Dates and venue
- Semi-final: 14 October 1994;
- Final: 15 October 1994;
- Venue: Teatro Principal Valencia, Spain

Organization
- Organizer: Organización de Televisión Iberoamericana (OTI)

Production
- Host broadcaster: Televisión Española (TVE)
- Director: José Luis Moreno [es]
- Musical director: José Fabra
- Presenters: Ana Obregón; Francisco [es];

Participants
- Number of entries: 24
- Number of finalists: 12
- Non-returning countries: Canada
- Participation map Finalist countries Countries eliminated in the semi-final Countries that participated in the past but not in 1994;

Vote
- Voting system: Each member of a single jury awards 5–1 points to its five favourite songs in a secret vote
- Winning song: Argentina "Canción despareja"

= OTI Festival 1994 =

23rd OTI Song Festival

The OTI Festival 1994 (Vigésimo Tercer Gran Premio de la Canción Iberoamericana, Vigésimo Terceiro Grande Prêmio da Canção Ibero-Americana) was the 23rd edition of the OTI Festival.

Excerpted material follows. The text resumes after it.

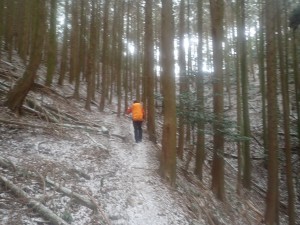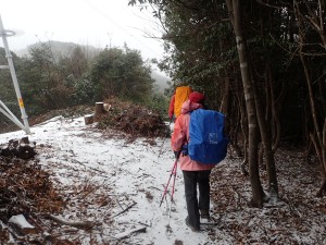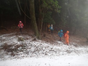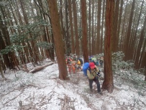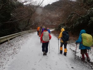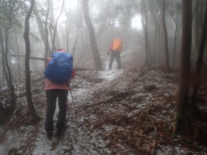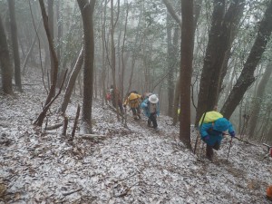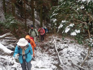 平30年1月28日(日)天気 曇り時々雪 ■出発時間:AM7時30分 北九州市小倉南区下曽根付近 ■メンバー:男性6名、女性6名 計12名 アタック山の会の新年登山は、今年の干支にちなんで「犬鳴山」。 犬鳴峠とか犬鳴トンネルと聞くと福岡の心霊スポットとして有名だが、歴史を辿るとかなり昔に熊ケ城と言う宗像氏の詰城があったらしい。また、犬鳴山の名の由来についても「犬啼怪奇」などの伝説もある。 このところの冷え込みで道路凍結で通行止めにならないか、心配していたが何とかギリギリの気温で無事「親水公園」に着いた。 先月(昨年12月)の下見では、西山を薦野峠から往復したが、体力的にも時間的にも本番では厳しいと判断した。しかも防衛省が「立入禁止」としているのも取りやめた理由でもある。 寒さは厳しいが、歩いていると汗も出てくる。薦野峠から犬鳴山頂上まではとにかく長い。アップダウンも数えるのが面倒になるくらい繰り返す。 番兵跡を過ぎるとガスが濃くなって途中開けた場所でも眺望は得られなかった。 ようやく犬鳴山の頂上に着くとメンバーの一人が「雪を踏まないで集合写真を撮ろう」と言うことになった。いかにも「積雪深し」と見えるからだ。 山頂からの下山で分かれ道に気づかず、少し降り過ぎてしまったが、すぐに引き返し、予定のルートへと取りつく。 急降下の登山道なので慎重にゆっくりと降る。最後の谷への降りは、ロープを架けて滑り落ちないようにした。おかげで無事下山。今日も自然に山に仲間に感謝!! ■コースタイム 親水公園-(67分)-薦野峠-(50分)-番兵跡-(13分)-椿峠-(55分)-猪野越-(50分)-犬鳴山-(80分)-ダム車道 ※休憩時間含まず。全行程で7時間かかりました。 距離13.5km、標高差422m |

It consisted of a semi-final on 14 October and a final on 15 October 1994, held at Teatro Principal in Valencia, Spain, and presented by Ana Obregón and Francisco. It was organised by the Organización de Televisión Iberoamericana (OTI) and host broadcaster Televisión Española (TVE), who staged the event after winning the 1993 festival for Spain with the song "Enamorarse" by Ana Reverte.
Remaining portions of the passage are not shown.